» **Task directions**
Reproduce word for word the lines between those holding "たくさんのサインが入った、ボ" and "surrounds this phrase.", inclusive, and nothing else from the data below.

» **Source material**
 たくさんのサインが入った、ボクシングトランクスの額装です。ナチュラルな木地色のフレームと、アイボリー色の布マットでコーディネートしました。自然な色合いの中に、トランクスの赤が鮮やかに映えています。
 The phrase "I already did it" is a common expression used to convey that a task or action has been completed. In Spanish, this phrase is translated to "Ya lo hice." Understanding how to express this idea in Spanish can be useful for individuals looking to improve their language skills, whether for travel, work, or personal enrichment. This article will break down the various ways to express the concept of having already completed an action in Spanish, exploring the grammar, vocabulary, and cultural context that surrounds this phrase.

---

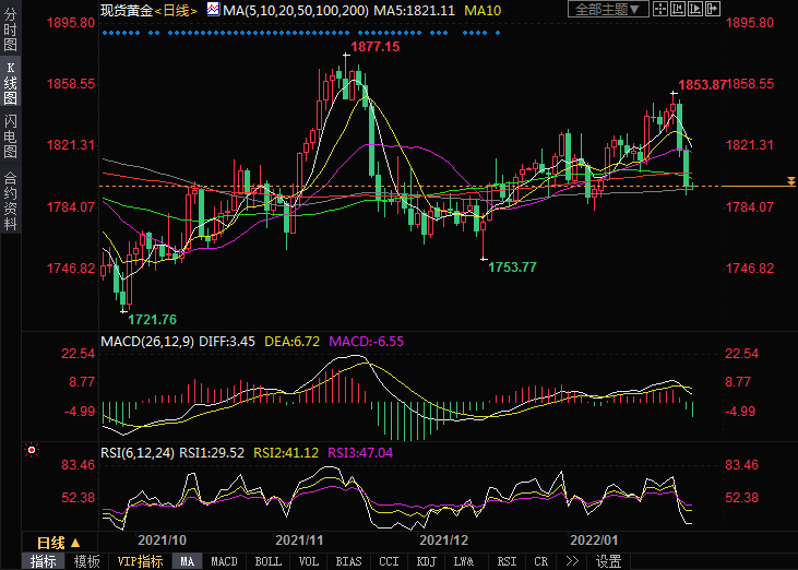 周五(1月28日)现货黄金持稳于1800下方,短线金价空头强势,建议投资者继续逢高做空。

* * *

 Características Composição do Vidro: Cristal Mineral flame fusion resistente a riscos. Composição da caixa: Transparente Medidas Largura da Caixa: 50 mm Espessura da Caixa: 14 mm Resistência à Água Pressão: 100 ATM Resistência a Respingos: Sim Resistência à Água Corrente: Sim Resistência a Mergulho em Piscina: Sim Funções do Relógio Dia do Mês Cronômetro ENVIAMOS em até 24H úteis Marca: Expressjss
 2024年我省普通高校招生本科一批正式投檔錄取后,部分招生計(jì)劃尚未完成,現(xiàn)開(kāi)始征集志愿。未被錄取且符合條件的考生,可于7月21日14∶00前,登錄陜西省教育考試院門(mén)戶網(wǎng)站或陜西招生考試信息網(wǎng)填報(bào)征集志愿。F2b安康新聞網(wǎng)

» **Final answer**
 たくさんのサインが入った、ボクシングトランクスの額装です。ナチュラルな木地色のフレームと、アイボリー色の布マットでコーディネートしました。自然な色合いの中に、トランクスの赤が鮮やかに映えています。
 The phrase "I already did it" is a common expression used to convey that a task or action has been completed. In Spanish, this phrase is translated to "Ya lo hice." Understanding how to express this idea in Spanish can be useful for individuals looking to improve their language skills, whether for travel, work, or personal enrichment. This article will break down the various ways to express the concept of having already completed an action in Spanish, exploring the grammar, vocabulary, and cultural context that surrounds this phrase.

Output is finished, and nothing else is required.